2002 film by Thamarai Sendhoorapandi

Guruvamma is a 2002 Indian Tamil-language drama film directed by Thamarai Sendhoorapandi. The film stars Livingston and Devayani, with Manivannan, Senthil, Vadivukkarasi and Pasi Sathya in supporting roles. It was released on 19 July 2002, and won the Tamil Nadu State Film Award for Best Film Portraying Woman in Good Light.

==Production==
Livingston and Devayani worked with each other four times in quick succession in the early 2000s, after appearances together in Parthasarathy's Unakkum Enakkum Kalyanam, Benjamin's Senthalam Poove and S. P. Rajkumar's En Purushan Kuzhandhai Maadhiri (2001) though the former two did not release despite having audio launches.
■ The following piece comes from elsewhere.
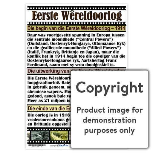 Full colour wall chart / poster depicting information about World War One, in Afrikaans " Eerste Wereldoorlog ". This chart explains the start and ...

Scriptwriter Yosi was also a part of the project. It became one of Devayani's first films that she had dubbed for in her original voice. The film was directed by Thamarai Senthoorapandi who also portrayed Devayani's father.

==Soundtrack==
Lyrics were written by Arivumathi and composed by Sahitya.
- "Chembaruthi Poo" -
- "Iyya Ethukku" -
- "Koorai" -
- "Megame" - Hariharan
- "Odivantha Oothu" - P. Unnikrishnan
- "Thoda Thoda" - Tippu

==Critical reception==
Malini Mannath of Chennai Online wrote, "It was meant to depict the life of pavement dwellers, and of the trials and tribulations of one woman in particular. But the way it has turned out, it is like this group of artistes are sitting by the wayside in isolation, pretending to be pavement dwellers, putting on an accent and speaking the lingo. All very put-on and laughable". The film won the Tamil Nadu State Film Award for Best Film Portraying Woman in Good Light for 2002.